To ensure adequate therapy, appropriate tests for pathogen susceptibility to the antibiotic should be performed. However, given the broad spectrum of bactericidal activity against gram-positive and gram-negative strains, the combination of ticarcillin and clavulanic acid is used as first-line therapy for mixed infections until the pathogen is identified. The combination of ticarcillin and clavulanic acid administered as monotherapy for some severe infections, which are usually treated with antibiotic combinations, has been shown to be effective. In vitro test results have shown a synergistic effect of aminoglycosides and the combination of ticarcillin with clavulanic acid against certain strains of Pseudomonas aeruginosa, suggesting the effectiveness of such combination therapy (especially in immunocompromised patients). In this case, both drugs should be prescribed at the recommended therapeutic doses. After obtaining the susceptibility test results, therapy should be adjusted if necessary.

Overdose

Symptoms: nausea, vomiting, diarrhea. The development of fluid volume and electrolyte imbalance is also possible. In case of overdose, some patients may develop increased neuromuscular excitability and convulsive seizures.

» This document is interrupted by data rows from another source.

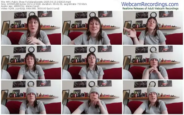 There are a total of 215 recordings (125 hours) of xSolaraSweetx from MyFreeCams available below.
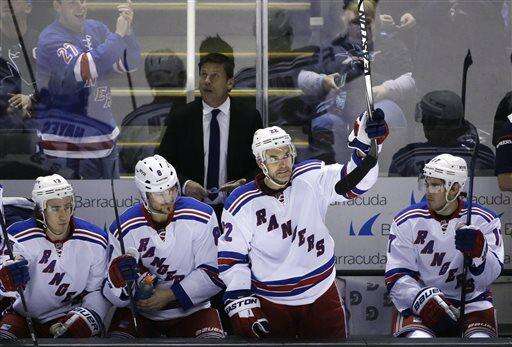 The Rangers took nearly 10 minutes to get their first shot on goal, but still ended up ahead 2-0 after the first period when they scored after faceoffs in the offensive zone.
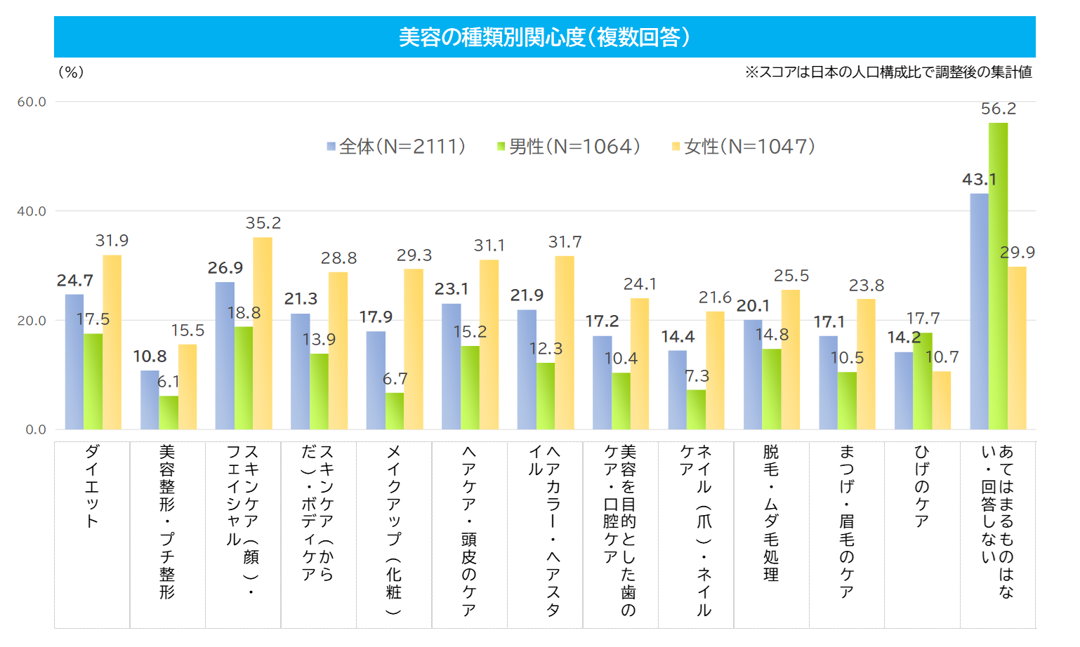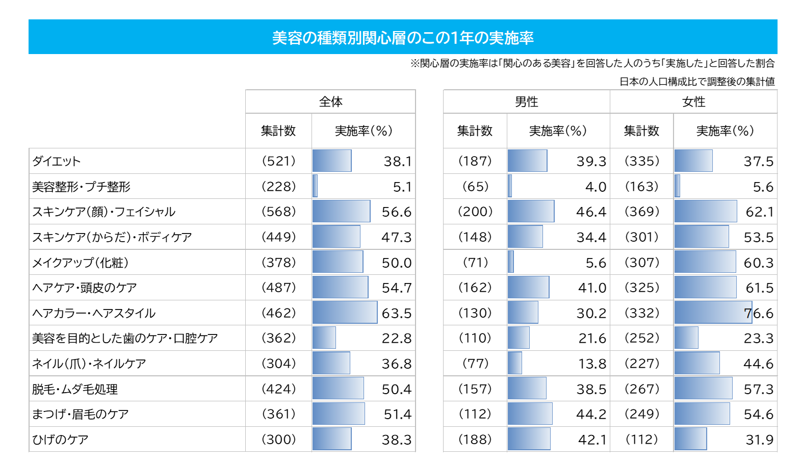 種類別では「ヘアカラー・ヘアスタイル」の実施率は63.5%と最も高くなりましたが、男女別で見ると女性で76.6%、男性で30.2%と大きな差があります。男性の場合は、髪に関する美容では「ヘアケア・頭皮のケア」の方が関心度、実施率ともに「ヘアカラー・ヘアスタイル」よりも高い結果となっています。
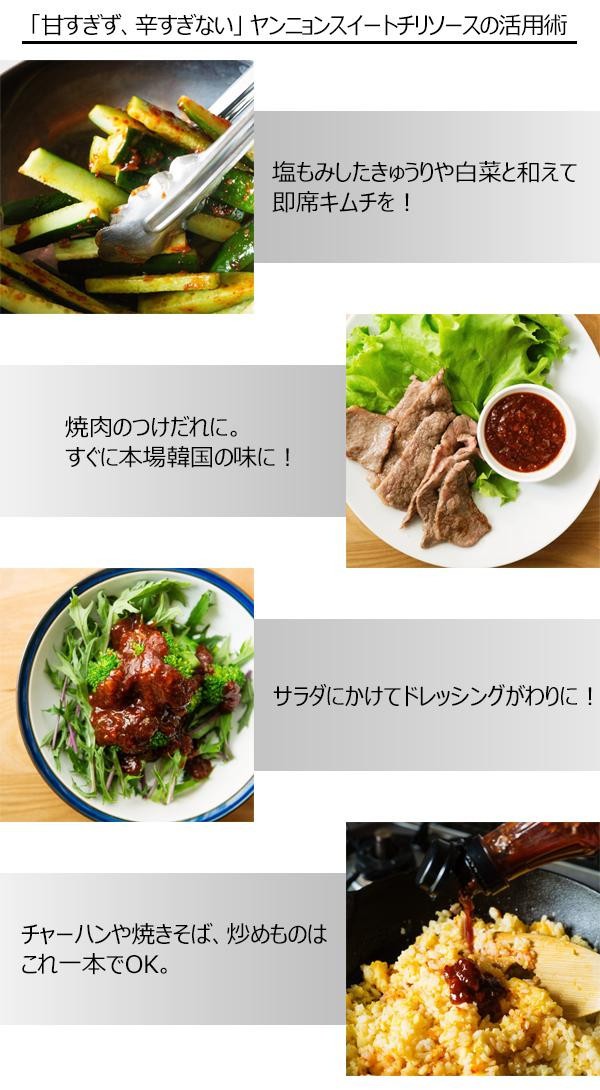 | 昆布だしをベースにした韓国万能調味料。ヤンニョンとは、韓国の家庭に欠かせない伝統的な合わせ調味料の総称です。各家庭によって、調合も味も違います。トレテスの「プンミヤンニョンスイートチリソース」は、韓国料理研究家の崔誠恩(チェ・ソンウン)さん秘伝調合のヤンニョンを使用しています。天然の昆布だしと秘伝のヤンニョンをベースに、魚介、果物、野菜をじっくりと煮込み、丹念に仕上げました。 |
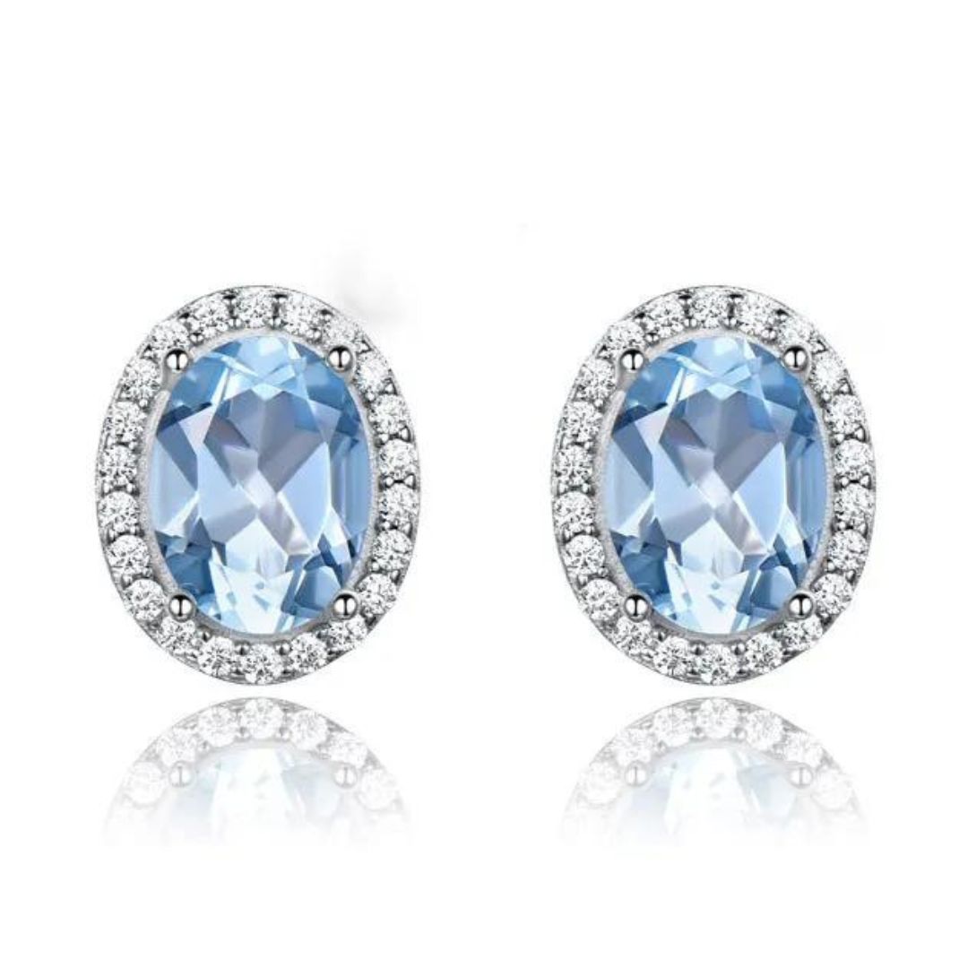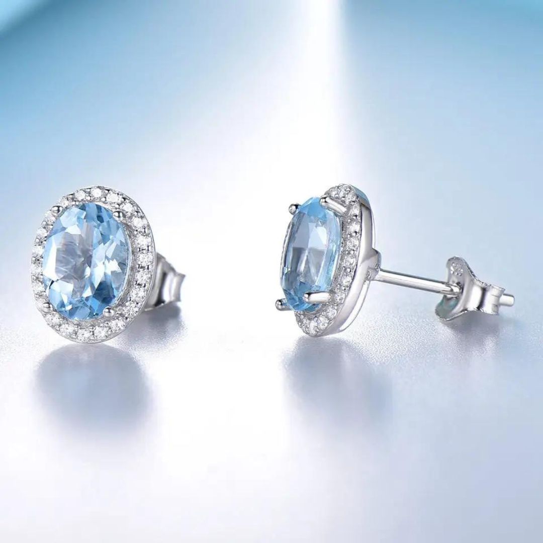 The earrings feature oval cut aquamarine solitaires totaling 3.69 carats, surrounded by high-quality diamonds. The total diamond weight is 0.12 carats. The dimensions of the earrings are 14mm x 11mm. The main stone is aquamarine, set in 9K white gold with a claw setting. The diamonds are of premium quality and conflict-free. The earrings are UK hallmarked, handcrafted, and nickel-free. It's mentioned that weights, gem colors, and sizes are approximate and may vary slightly.

Treatment: if clinical signs of drug overdose develop, symptomatic therapy is indicated. In case of overdose, Ticarcillin and Clavulanic acid can be removed from the bloodstream by hemodialysis.

Drug Interactions

Concomitant use with probenecid is not recommended. Probenecid reduces the tubular secretion of ticarcillin. Simultaneous use with probenecid leads to a slowdown in the excretion of ticarcillin but does not affect the excretion of clavulanic acid.

Timentin exhibits synergism with aminoglycosides against a number of microorganisms, including Pseudomonas aeruginosa. Therefore, it is recommended to prescribe Timentin in combination with aminoglycosides for the treatment of life-threatening infections, especially in patients with impaired immunity. In this case, the specified drugs are administered separately at the recommended doses.

Clavulanic acid may cause nonspecific binding of IgG and albumin to erythrocyte membranes, leading to false-positive Coombs test results.

Like other antibiotics, Ticarcillin can alter the composition of the intestinal flora, leading to low estrogen reabsorption and, consequently, reduced effectiveness of combined oral contraceptives.

Pharmaceutical interaction

When Timentin is used in combination with aminoglycosides, the antibiotics should not be mixed in the same syringe, containers, or IV infusion systems, as this may lead to a decrease in the activity of the aminoglycosides.

Timentin is not sufficiently stable in infusion fluids containing bicarbonate.

It is not recommended to mix Timentin with blood products and other protein-like fluids, such as protein hydrolysates, as well as with intravenous lipid emulsions.

Storage Conditions

The drug should be stored out of the reach of children at a temperature from 2°C (35.6°F) to 8°C (46.4°F).

Shelf Life

The shelf life is 3 years.

Dispensing Status

The drug is dispensed by prescription.

Important Safety Information

This information is for educational purposes only and does not replace professional medical advice. Always consult your doctor before use. Dosage and side effects may vary. Use only as prescribed.